Seeing query performance which is not satisfactory on our Python application, which runs several processes that use SQLAlchemy core to access a PostgreSQL 9.2 database. We may have around 100 – 200 or more concurrent processes executing queries against the database.

We have no connection pooling systems like pgpoolII or pgbounce currently installed.

I have tested a query which can take in the order of 1-10 seconds from our application, which when run over psql will take at most 20 ms.

We believe this issue is related to concurrent connections particularly because of the behavior described above and because we see these performance hits when accessing different tables in the system. However, we are not sure of this and could very readily accept alternate suggestions or solutions.

What is the usual way of handling concurrent connections from multiple processes against a single database server, in a way that will enable queries to execute quickly?

Best Answer

You sort of answer your own question when you say you have no pooling but...

This is not an answer out of the box, with all client/db stuff you may need to do some work to determine exactly what is amiss

backup postgresql.conf changing

log_min_duration_statement to 0 
log_destination = 'csvlog'              # Valid values are combinations of      
logging_collector = on                # Enable capturing of stderr and csvlog 
log_directory = 'pg_log'                # directory where log files are written,
log_filename = 'postgresql-%Y-%m-%d_%H%M%S.log' # log file name pattern,        
debug_print_parse = on
debug_print_rewritten = on
debug_print_plan output = on
log_min_messages = info (debug1 for all server versions prior to 8.4)

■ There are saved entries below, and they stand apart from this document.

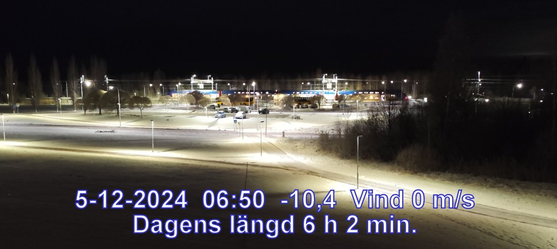 -13° C Vind 0 m/s Mest klart och uppehåll Känns som-13° Lufttryck 1027 hPa Daggpunkt-14° Fuktigh 89 % Sikt 50000 m Soluppgång 08:39 Solnedgång 14:42 Dagens längd 6 h 2 min.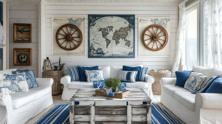 This cozy living room features white sofas adorned with blue and white pillows. Nautical decor including ship wheels and vintage maps evoke a maritime vibe, creating a serene atmosphere.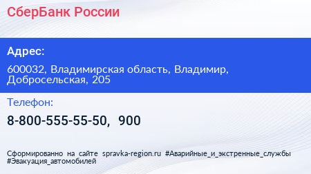 СберБанк России по адресу 600032, Владимирская область, Владимир, Добросельская, 205 в дальнейшем Организация, размещена в следующих категориях: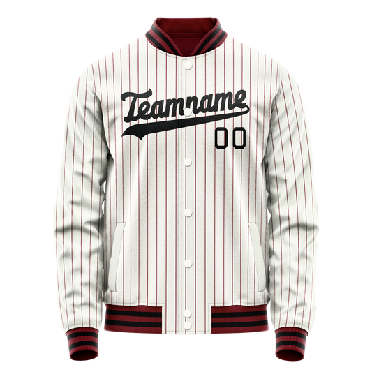 Custom White Red Black Pinstripe Varsity Letterman Jacket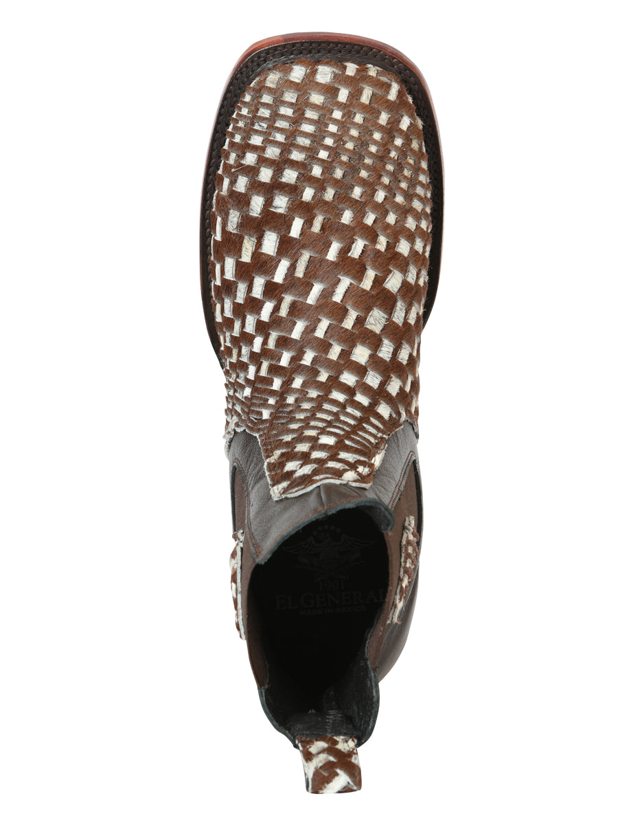 El General Men’s Wide Square Toe Ankle Boots Woven Cow-Hide - Brown/White 45176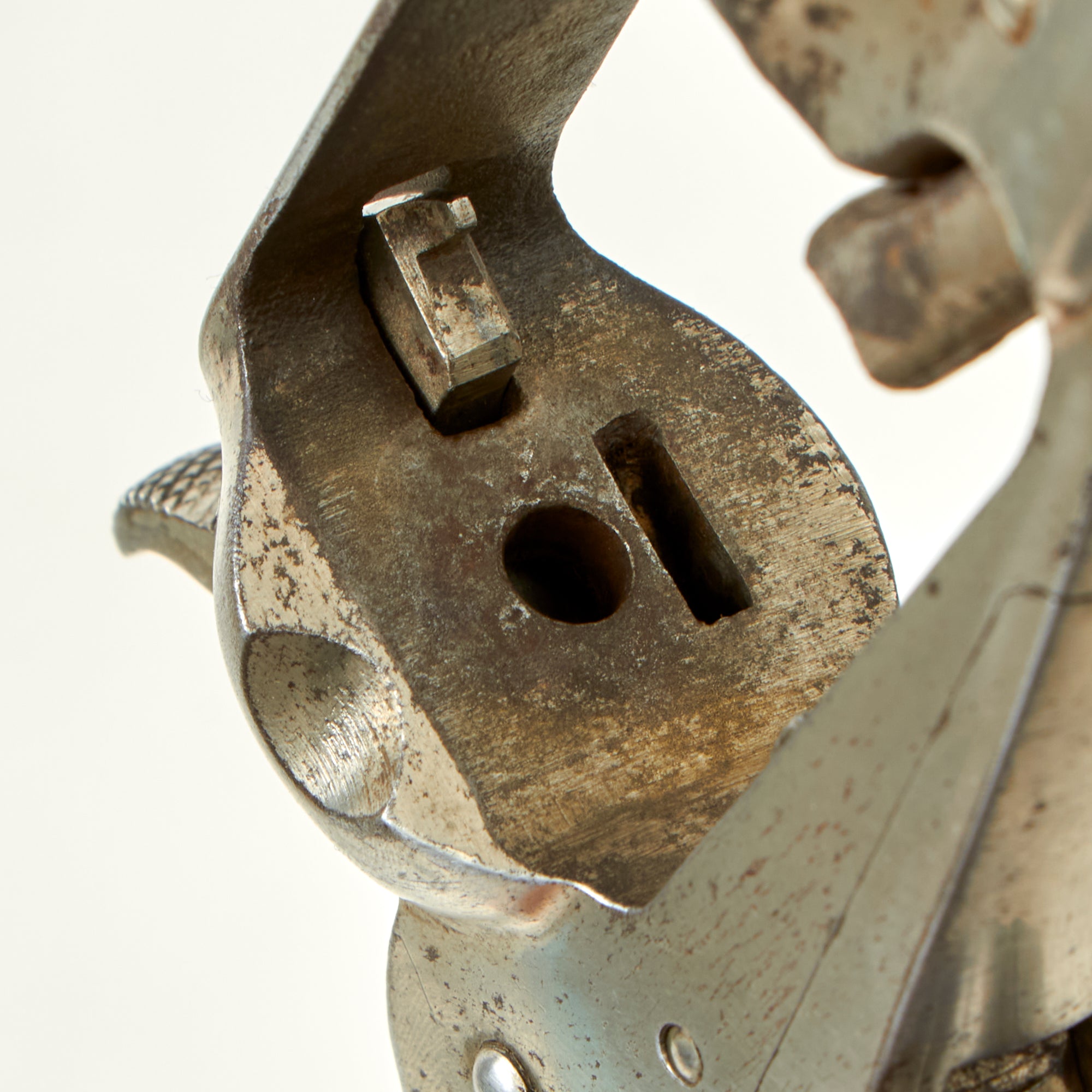 The revolver functions great, with good indexing and a solid cylinder lockup. It does not exhibit any of the finicky behavior we often see with revolvers of this age. The bore is in very good condition, with clear lands and grooves and a partly bright finish. There is definitely some past fouling and oxidation, as expected from a revolver that saw use as both a percussion and cartridge arm during the black powder rea.

Stop and restart your database server ( reload may not pick up the changes ) Reproduce your tests ensuring that the server time and client times match and that you record the start times etc.

copy the log file off an import into editor of your choice (excel or another spreadsheet can be useful for getting advance manipulation for sql & plans etc)

now examine the timings from the server side and note:

is the sql reported on the server the same in each case

if the same you should have the same timings

is the client generating a cursor rather than passing sql

is the query arriving on the server when you believe it should do

is one driver doing a lot of casting/converting between character sets or implicit converting of other types such as dates or timestamps.

and so on

The plan data will be included for completeness, this may inform if there are gross differences in the SQL submitted by the clients.